The Downside of BYOD: Understanding the Risks for Employees

by Jeff Wiener on September 10, 2014

When the BYOD—Bring Your Own Device—movement caught on it seemed like a win-win situation for everyone involved; employers could cut costs on providing technology to their employees, and employees were able to reduce the number of devices they were expected to use as well as actually use a device they enjoyed. But, as seemingly with all trends that blend private and public life, there’s a catch, one that could ultimately cost users all their personal data.

Over the past few years, as the BYOD movement gained momentum, IT departments began to wrestle with the complex security issues inherent in employees bringing their own unsecured devices to work, attempting to find ways of controlling the flow of data to avoid potentially catastrophic network breaches.

While such security efforts have not always been successful, one such protocol that has gained significant traction is the capability of remotely wiping a device of its contents, allowing companies a backup plan if a device is stolen or compromised. The problem, however, is that many of our favourite gadgets don’t segregate business and personal data, and without such demarcation when a phone or tablet is wiped, everything (including those cute pictures of your kids) goes with it.

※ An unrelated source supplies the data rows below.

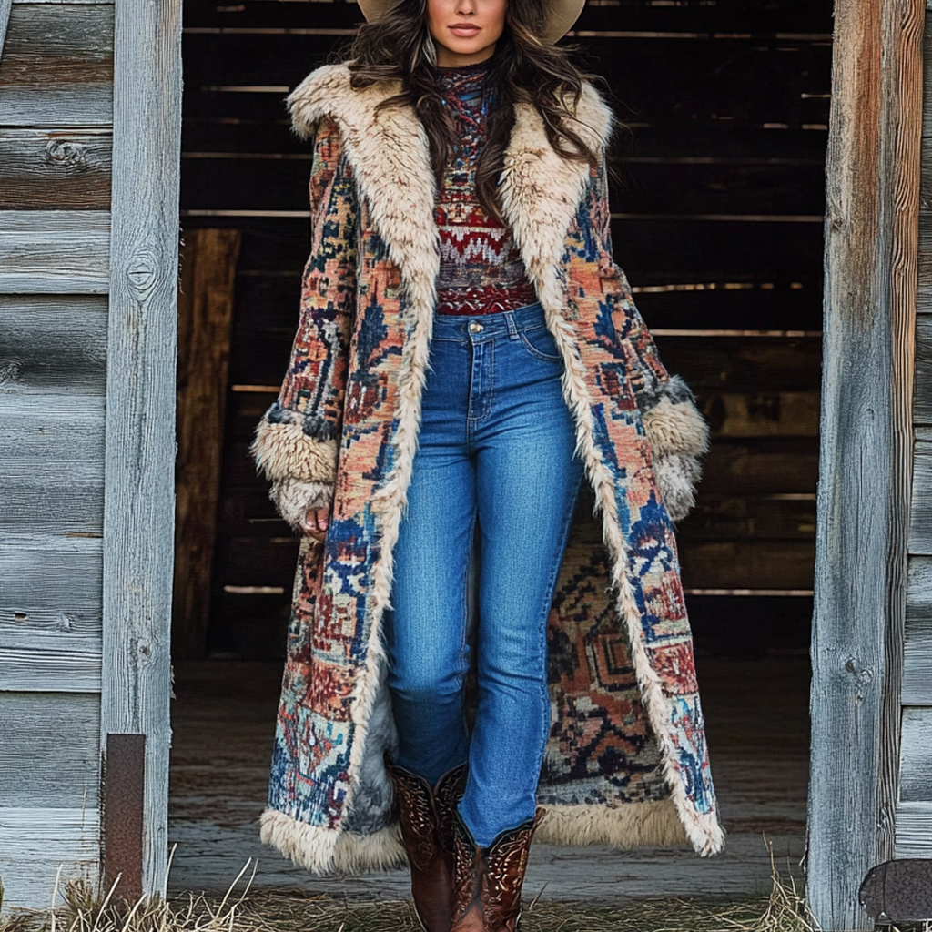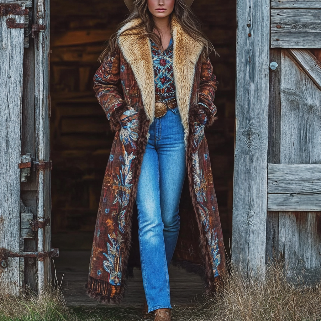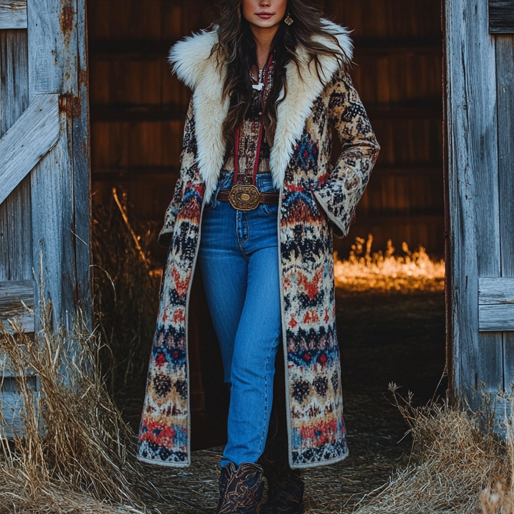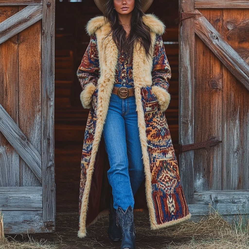 Western Retro Style Women's Aztec Print Coat Plush Autumn And Winter Warm Coat
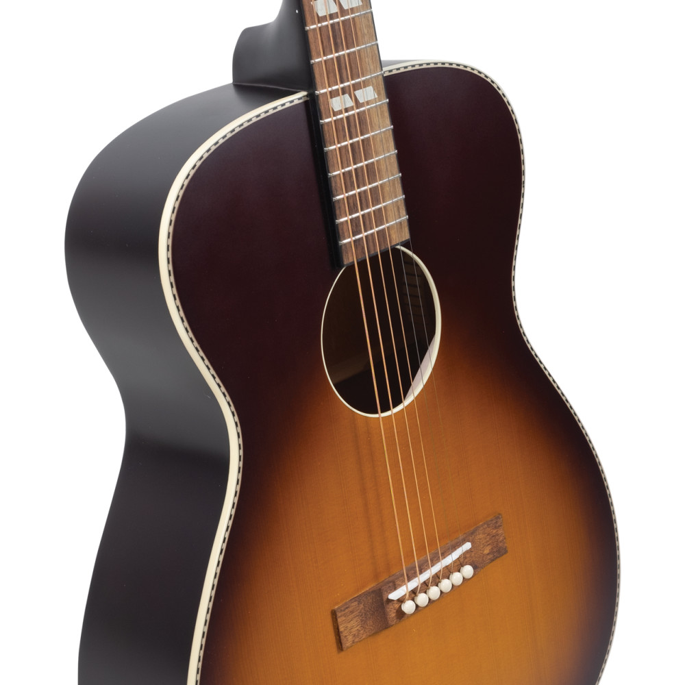 Tapa de abeto.Escala de 25,4".Refuerzos Cross Lap Cejilla y selleta de hueso. La Serie 7 000 de Dirty 30s ofrece un sonido acústico robusto con una respuesta uniforme en todo el diapasón. Con nuestro refuerzo Cross Lap superlimpio y materiales de primera calidad, la Serie 7 es una de las guitarras acústicas con mejor sonido disponibles. La tapa de abeto proporciona la base para un sonido acústico clásico, y el acabado sunburst en tabaco, el ribete del cuerpo de color marfil y la boca ribeteada le dan a la Serie 7 000 una estética vintage. Los marcadores de diapasón con plantilla de paralelogramo completan el estilo. Los accesorios de calidad incluyen una cejuela y un puente de hueso y clavijeros de botón de marfil. La Serie 7 000 combina el sonido tradicional del cuerpo 000 con un estilo clásico
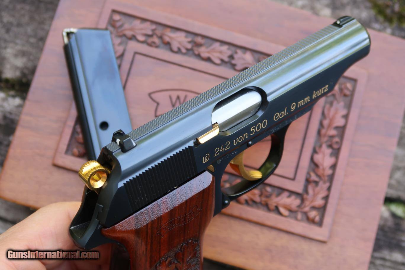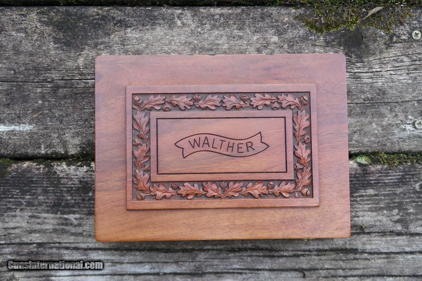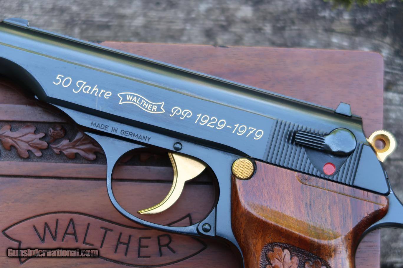 Fantastic, high polished and specially assembledWalther PP 50 Jahre Commemorative, production limited to 500 pistols, this one SN: 242, with fixed front sight and drift adjustable rear sight, each white highlighted. Gold lettered slide address and gold plated small parts to include hammer, trigger, magazine release, and extractor. Imported by Interarms as discreetly marked on right side of frame. Carved grips with traditional oak leaf and acorn pattern. Pair of magazines with black finger extensions. Factory case with Walther label bordered by carved oak leaf and acorn pattern, green velvet lined, compartmentalized for pistol and spare magazine. No literature.
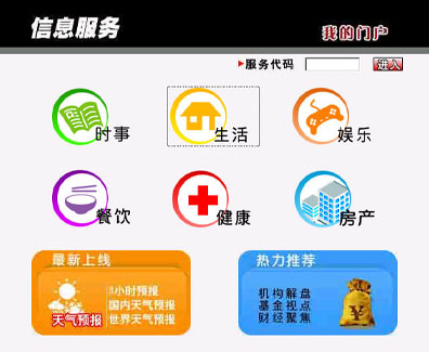在上海IPTV提供的業(yè)務(wù)中,信息服務(wù)也是眾多用戶喜聞樂見的一項(xiàng)業(yè)務(wù),內(nèi)容覆蓋廣泛。它提供了時(shí)事、生活、娛樂、餐飲、健康、房產(chǎn)等信息,其中“時(shí)事”一欄呈現(xiàn)了新浪上海熱線實(shí)時(shí)傳遞的全球最新新聞資訊,讓老百姓“手握遙控器,便知天下事”,“健康”一欄更是一網(wǎng)打盡上海地區(qū)醫(yī)療機(jī)構(gòu)的信息資訊,特色專科搜索為用戶提供便捷的醫(yī)療信息服務(wù),“房產(chǎn)”中上海地區(qū)各類二手房產(chǎn)訊息一應(yīng)俱全,價(jià)格、地段、房型等應(yīng)有盡有。
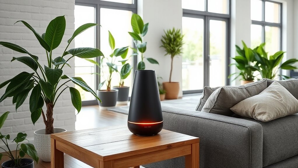 Waterless diffusers are surprisingly energy-efficient, even in large rooms, using just a tiny fraction of electricity. I’ve found their power consumption is often comparable to a small nightlight, making them perfect for continuous use without hiking up your energy bills. They work tirelessly to fill your space with aroma, all while sipping power like a tiny, eco-friendly superhero. You won’t believe how little energy they need!
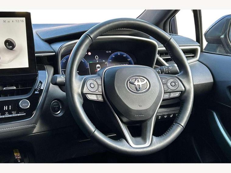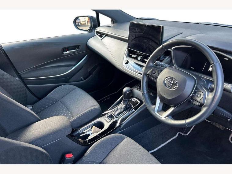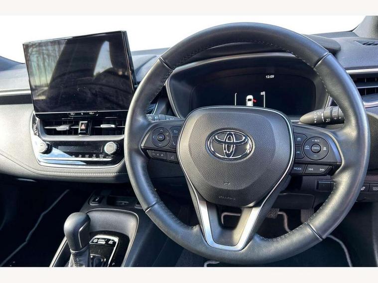 10.5" Multimedia display screen, Bluetooth telephone connectivity, Connected car functionality upgrade, tracker, remote status and e-care, Drive mode select (Eco, Normal), E-call, Electrically assisted power steering, EV drive indicator, Front and rear parking sensors with auto brake, Full Digital 12.3" TFT Digital Combimeter, Key reminder warning, Lane Departure Alert (LDA) switch on steering wheel, Memory on adjustable speed limiter, MyT connected services, Proactive driving assist (PDA), Reversing camera, Smart entry and push button start, Smartphone integration with Apple CarPlay and wired android auto, Tailgate, Toyota remote services, Toyota smart connect navigation, Wireless charger, Gasoline particulate filter, Vehicle Stability Control (VSC), 6 speakers, AM/FM radio, DAB Digital radio, Front USB-C in dashboard, Smart voice assist/ Voice recognition, USB and Aux in connectors + 12V front outlet, Anti-jam protection on power windows, Auto up and down function on all power windows, Automatic headlights with high beam assist, Black centre and side air vents, Black meshed front grille, Black toyota logo in front, Body coloured bumpers, Body coloured door mirrors, Body coloured front spoiler, Body coloured outside door handles, Body coloured rear under guard, COROLLA alloy door scuff plates, Follow me home headlights, LED daytime running lights, LED front fog lights, LED High mounted stop light, LED multi beam headlights, LED multi reflector in headlights, LED rear combi lights with LED lightguide, Manual day/night rear view mirror, Manual headlight levelling system, New grille pattern, Noise reduction layer on windscreen, Piano black diffuser, Power adjustable heated door mirrors, Power front windows, Power rear windows, Rain sensor, Rear side wing doors, Rear window defogger, Rear window wiper, Satin chrome insert on front air vents, Satin chrome insert on front door assist grips, Shark fin antenna, Time adjustment on intermittent wiper, Turning signal integrated indicators in door mirrors, Unique lower skirt, Unique side rocker with black insert, UV-filter on driver and passenger windows, 2 Shopping bag hooks in luggage compartment, 3 rear headrests, 3 seat bench in 2nd row, 3 spoke leather steering wheel with satin insert + gear knob, 4 tie down hooks in luggage compartment, 60/40 split folding rear seat, Adaptive cruise control (ACC) switch on steering wheel, Adjustable speed limiter switch on steering wheel, Audio, multimedia and telephone switches on steering wheel, Black armrest on centre console box, Black gear shift console, Boot light, Centre room light, Driver and front passenger personal light, Driver and passenger assist grip, Driver and passenger sun visor with mirror and light, Dual zone automatic air conditioning with ECO mode switch, Fabric upholstery, Front and rear cup and bottle holders, Front door pockets, Front head restraints, Front passenger seat, Front sliding fabric armrest, Heated seats, Illuminated entry system in room lamp, ISOFIX seat fixing (2 fixings on rear outer seats), Leather gear shift with satin chrome on gear shift console, Manual height adjustable for driver and front passenger seat, Manually tilt with sliding driver and front passenger seat, Parcel shelf, Passenger seat back pocket, Pollen filter, Power adjustable lumbar support on driver seat, Power window switches with satin chrome inserts, Rear armrest with 2 cupholders, Rear passenger coat hooks (2), Remote air conditioning, Satin chrome inside door handles, Satin chrome surround on heater control panel, Satin chrome surround on speedometer, Sliding armrest on centre console box, Slow opening glovebox with lights, Textile floor mats, Tilt/telescopic steering column, Voice recognition switch on steering wheel, Whiplash Injury Lessening (WIL) feature (active headrest) for seats, Toyota safety sense 3 pack - Corolla, 3x3 point rear seatbelts, Adjustable driver and front passenger seat belt extender to top anchor point, Anti lock braking system + Electronic brake force distribution, Brake assist function, Child locks on rear doors, Downhill Assist Control (DAC), Electronic parking brake, Emergency brake light signal (EBS), Front passenger airbag on/off switch, Front seatbelt reminder, HAC - Hill start assist control, Rear seat belt reminder, Seatbelt pretensioners and force limiters, Supplemental restraint system (SRS) 7 airbags - dual driver, dual side curtain, side impact and driver knee airbags, Traction control, Tyre pressure warning system, Acoustic vehicle alert system (AVAS), Alarm with motion sensor and immobilizer, Power passenger window lock, Remote central locking + deadlocks, Satin chrome dash trim, Soft touch texture on upper dashboard, Stitching on lower dashboard, 16" 5 double spoke alloy wheels, Tyre repair kit, Unique wheel finish with red wheel cap,

According to mobile device management firm Fiberlink, there are four primary reasons for wiping data from a device. First, shift changes stand as the number one reason—devices that are used by multiple workers on different shifts are usually wiped at the end of each shift.

Second, Fiberlink explains, is reprovisioning, wiping that is done when an employee leaves a company. Third, there is violation of compliance policy, that is, doing something contrary to that pesky opt-in document that companies now normally get employees to sign before allowing them to bring their own device to work. Fourth, and perhaps the most obvious, is the loss of the device, due to theft or simple carelessness.

Now granted companies who employ device management solutions often have the option of selective wipes, meaning there are times when only certain data is remotely removed from the device. But still, as Fiberlink notes, of the 81,000 devices it remotely wiped during the first half of 2014, 37 percent, or 30,000 were total wipes with all data lost. Fiberlink does note that the wipes were a mix of BYOD and corporate-issued devices, and notes that it doesn’t have the stats to identify how many total wipes were on personal gadgets, but suffice to say, it happens, and those of us who bring our favourite devices to work need to be aware.

The primary problem for employees who use their own device at work is that, for the most part, they give up ultimate control of the device to the company as part of the terms of use. “Employers are typically making employees opt in to these programs. If you want to use your personal device, you need to do it on the organization’s terms,” Jonathan Sander, strategy and research officer at Stealthbits Technologies, explains.

Now for employees faced with this situation Sander does note that legal action may be an option, but the employee would have to prove that the data they stand to lose has more value than the risk their employer is facing, a “tough burden” indeed.

In the end, as with all things in life, nothing comes without a cost, and in the case of the BYOD movement the cost could be all your personal data, and with smartphones becoming inexorable companions to our everyday existence, that means that a significant portion of your memories, your contacts, and your favorite things could disappear in the blink of an eye.

While some analyst continue to encourage employees to avoid BYOD at all costs because of these risks, others note that simple regular back-up protocols will help mitigate any loss, as all employees really need to do is routinely save their personal data to their home computer. Further, it won’t be long until companies begin to establish automatic backup protocols, because it’s always tough to explain why a company had to delete all those once-in-a-lifetime memories employees have on their phones.